Page 84 Thanks for the tip to the TimerOne library, but from the text and the example it is impossible to understand how to work with it. And, by the way, an interesting question, more precisely, immediately a bunch of questions: why are the pictures for different pins in fig. 3.3 shifted to the eighth of the period? Is this how it works? Due to what, and how can this be controlled? etc.
Page 103 “
The next sketch increases the ADC frequency from 128 kHz to 1 MHz. ”
Our esteemed Monk forgot to mention something. Namely, in all datasheets of all AVR there is the following paragraph:
By default, it will be necessary to get maximum resolution. It can be higher than 200kHz to get a higher sample rate.
In fact, in the ADC, the sources of error and bounce are enough to increase them artificially.
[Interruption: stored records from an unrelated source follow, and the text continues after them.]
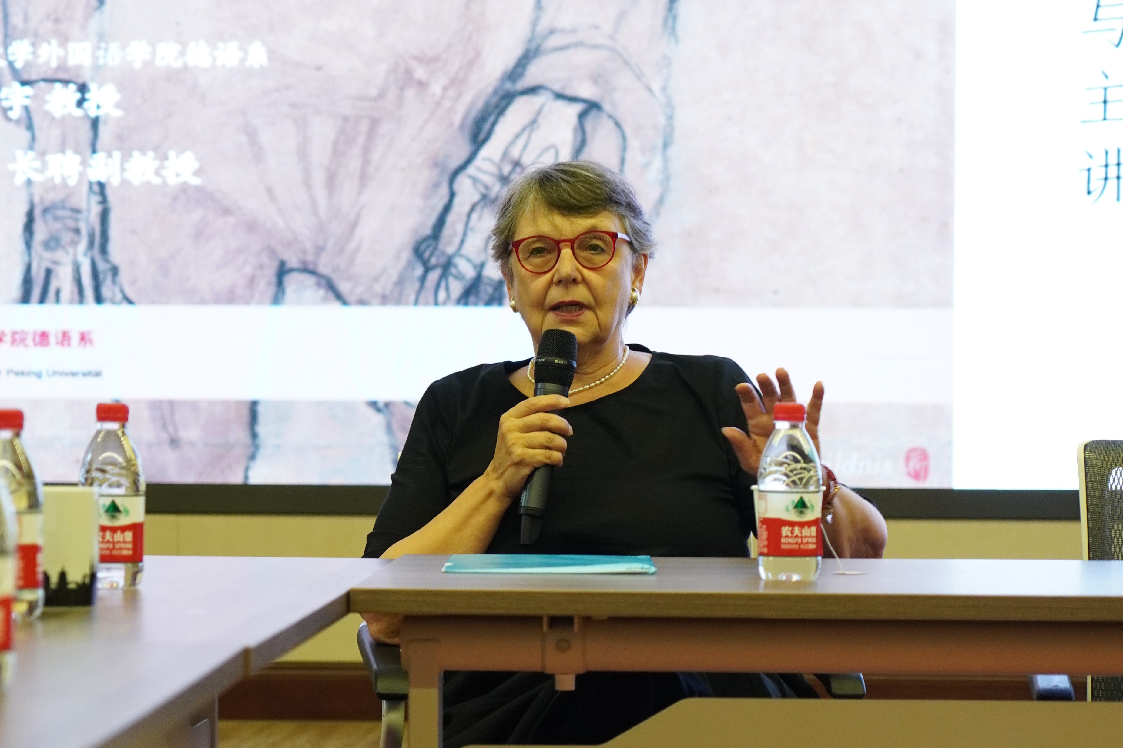 9月18日下午,维也纳档案图书馆前馆长、维也纳历史学会前会长马琳达博士(Dr. Klaralinda Ma-Kircher)应邀在民主楼208会议室做题为“抗议-弃念-韧性:对过去四十年奥地利文学的回顾”的讲座。该讲座由财神在线官网德语系主任、长聘副教授胡蔚老师担任主持,北京大学德国研究中心主任、德语系教授黄燎宇老师担任与谈人,财神在线官网德语系副主任、助理教授毛明超老师担任翻译。北京大学前辈校友、各界同好以及德语系学生也积极参加了此次活动,共有60余人参会。
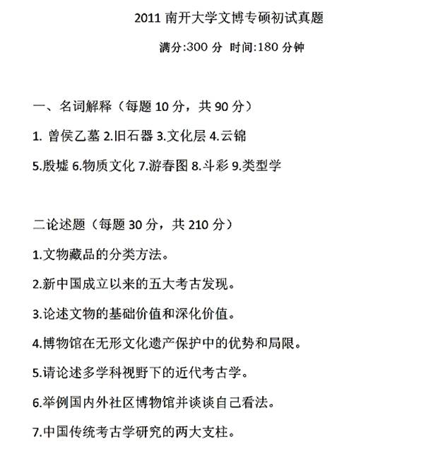 2011年南开大学《348文博综合》考研真题(回忆版)
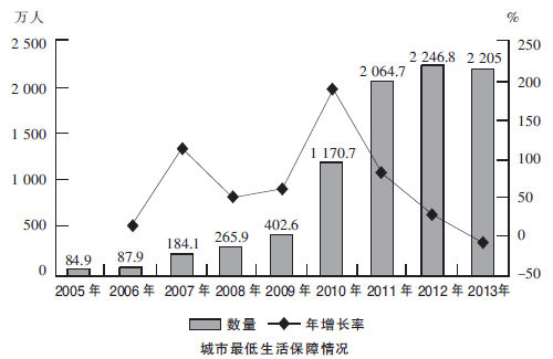 根据上图,2005—2013年,城市最低生活保障人数年增长率最高的年份是哪一年?()
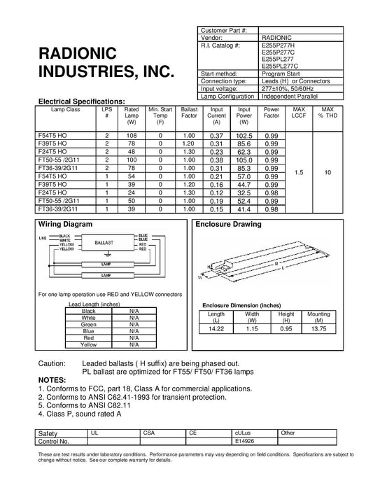 E259H12 Electronic Fluorescent Instant Start Ballast
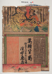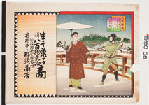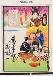 | S0000014247 | 印刷絵柄:赤垣源蔵徳利の別れの場面 小包賃金表 商店場所:阿波郡土成村 商店名称:流高一 商売内容:萬御菓子卸小売 | 引き札 |
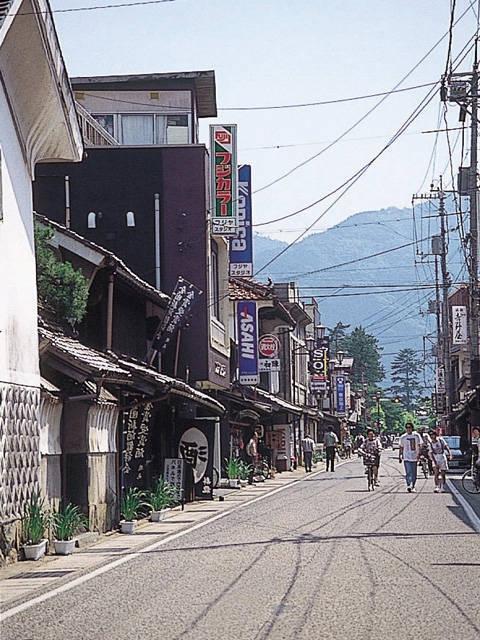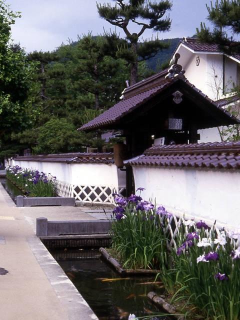 津和野観光のメインストリート。通りに面して白い土塀と堀割が続く。堀割には色鮮やかな鯉が泳ぎ、5月下旬から6月中旬ごろには、ハナショウブが咲く。立派な門構えの武家屋敷も見られる。
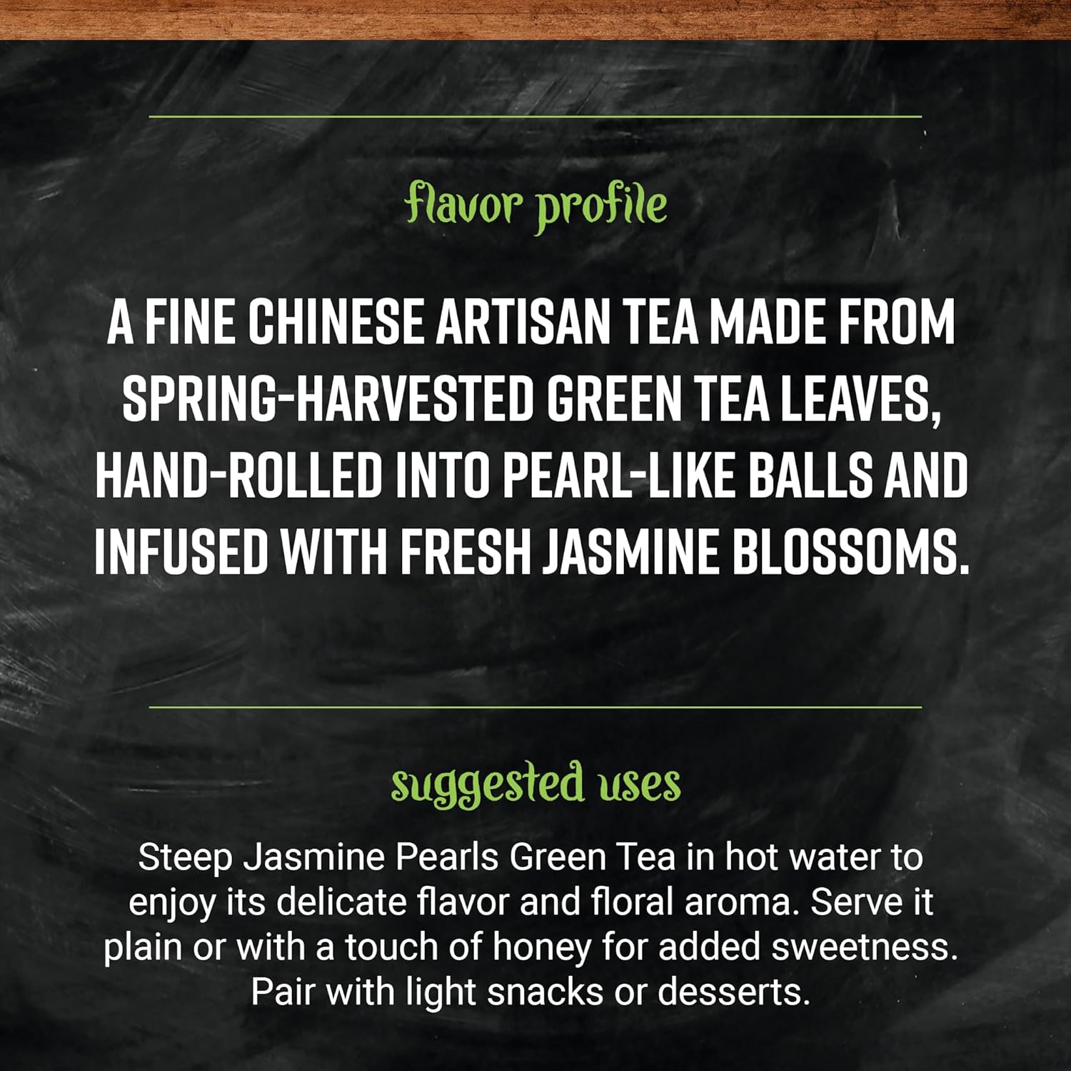 - BEST USES - Enjoy the exquisite experience of watching these jasmine-infused pearls unfurl as they steep. The tea boasts a heady fragrance and a distinctive flavor. Brew it to perfection and savor the floral notes, making it an ideal choice for a calming and aromatic cup of green tea.
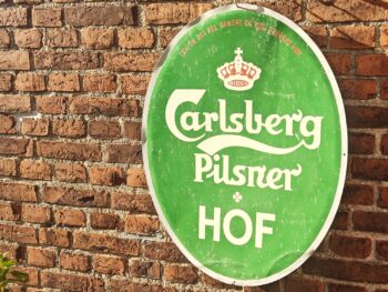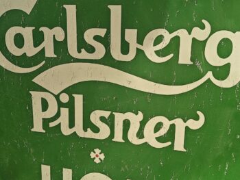 Carlsberg blikskilt. Ovalt. Stort. Gammelt
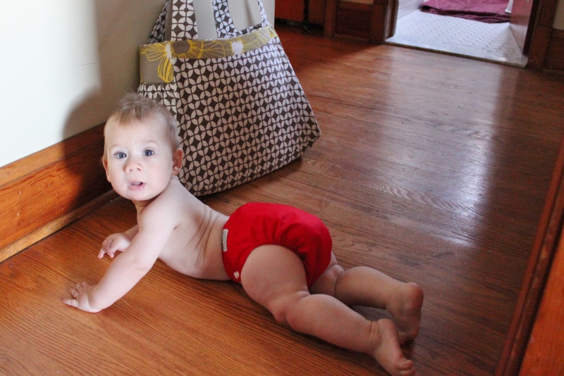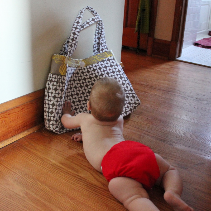 As is my tradition with making diaper bags (as you can see in Meggan’s, Rachel’s, and Leah’s bags), I also included a baby in the photo shoot. Mark doesn’t like to sit so I had to con him into being in the picture (rather, I just put the bag where he was!).
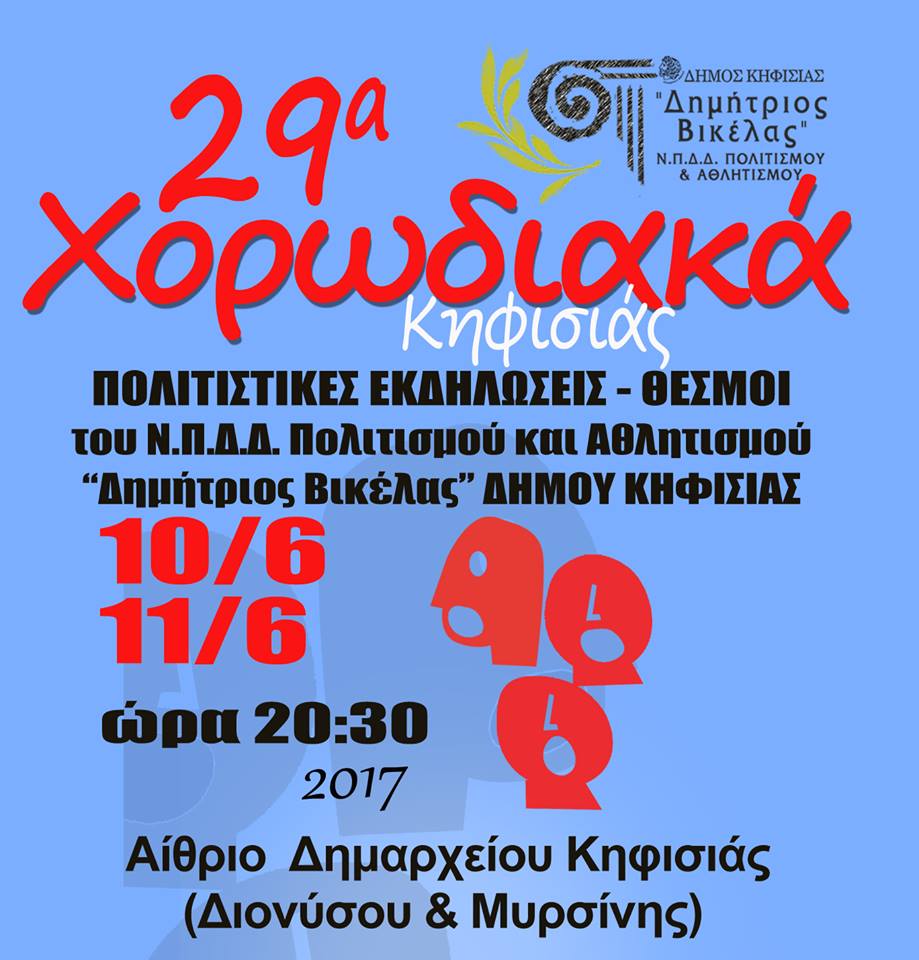 Ο Δήμαρχος Κηφισιάς Γιώργος Θωμάκος και το Ν.Π.Δ.Δ. Πολιτισμού & Αθλητισμού χαιρετίζουν τα 29α Χορωδιακά του Δήμου μας, τα οποία θα λάβουν χώρα το Σάββατο 10 και την Κυριακή 11 Ιουνίου 2017 και ώρα: 20:30, στο Αίθριο Δημαρχείου Κηφισιάς (Διονύσου & Μυρσίνης).

And the tasks that require fast ADC conversion for 8-bit controllers simply do not arise (in fact, they do not process the sound on them). If you need accurate / fast ADC conversion, then it is simpler to install an external module and not to suffer foolishness.
Page 142 “The
flash memory in Arduino guarantees data integrity for only 100,000 write cycles ” -
in fact, up to 10,000.
Page 196 . Fig. 10.4. - does not correspond to the text and sketches, because one of the Uno depicted uses the regular Serial, and not its programmatic imitation, which is discussed in this section.
It seems everything. Maybe I missed something, I don't know.